Re: Code blue nurse's/ rapid response team
Start with pt history.
1. demographics
2. history
3. what specific surgery? Was it open or lap?
Next run through current patient condition
1. Vitals, Objective info, i.e. grimacing, abd guarding, GCS and alertness status
2. Subjective info, i.e. pain level, location, duration, onset, quality, radiating
3. Observe the condition of the wound and abdomen
- is the incision draining, erythema, edges well approximated, heat to site, unproportional pain when touched/palpated around sx site?
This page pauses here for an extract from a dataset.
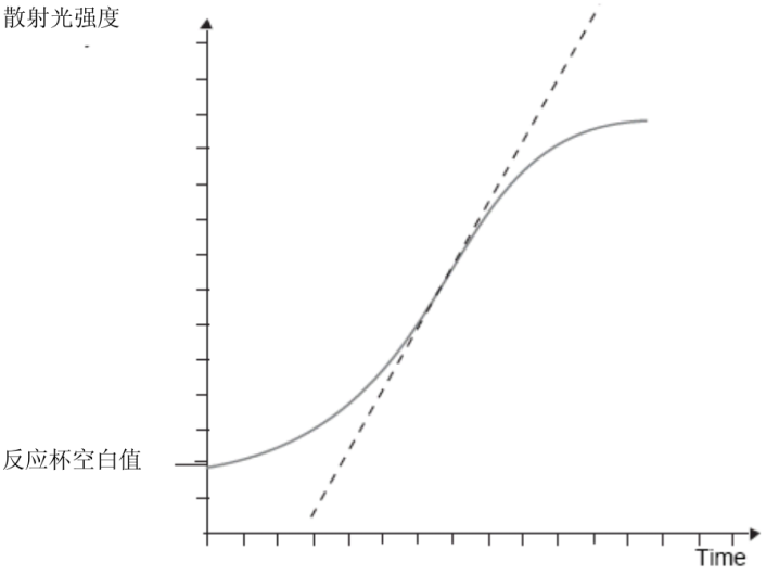 第一个检测模式为终点检测。仅用于某些选定项目,例如以TCA(三氯乙酸)沉淀法检测血清、血浆、尿液和脑脊液内的总蛋白。 该方法学检测抗原抗体反应的最大浊度。然后将检测信号值与校正曲线比较转换为蛋白浓度。 图12、散射免疫散射比浊的终点检测模式 第二个检测模式为定时速率。这个模式,是在两个时间点检测信号间差异,去确定样品内蛋白浓度。 将反应组分转入比色杯后,第一次检测(起始)在约7.5s(t1)。 第二次检测的t2,可在孵育反应6分钟、12分钟或更长时间(依据设定程序)。 计算t2和t1检测得到的散射光强度差,从校准曲线上得到蛋白浓度或其他单位值(g/L、IU/ml)。 图13、定时速率检测 这个方法的优点,是在开始时还没有形成抗原抗体复合物时,通过信号差,扣除了反应组分内因基质散射的干扰。 第三个为全程持续监视(VLinIntegral)检测模式。 VlinIntegral是一个新的数学计算处理,用来评估动力学的凝集反应,例如颗粒增强的免疫分析法或沉淀实验。 这个计算的优点是:

And of course you want to check the JP drain condition.
Run through a list of differentials:
#1 on my priority list is PERITONITIS #2 Bowel Obstruction
#3 ?????? depends on the sx
Make sure you have looked at the latest lab values and analyze the trend of those values over the past several days.
1. WBC's
2. Neutrophils (shift to the left, high neutrophil count can be indicative of infxn)
3. H&H (useful if you suspect blood loss)
4. Coag levels
5. Recorded JP output (is it increasing or decreasing, what quality of output? serous, sanguinous, a combination? purulent?)
Call your surgeon when you have all this info. I know it seems like a lot of info but you should be able to gather this in a matter of minutes.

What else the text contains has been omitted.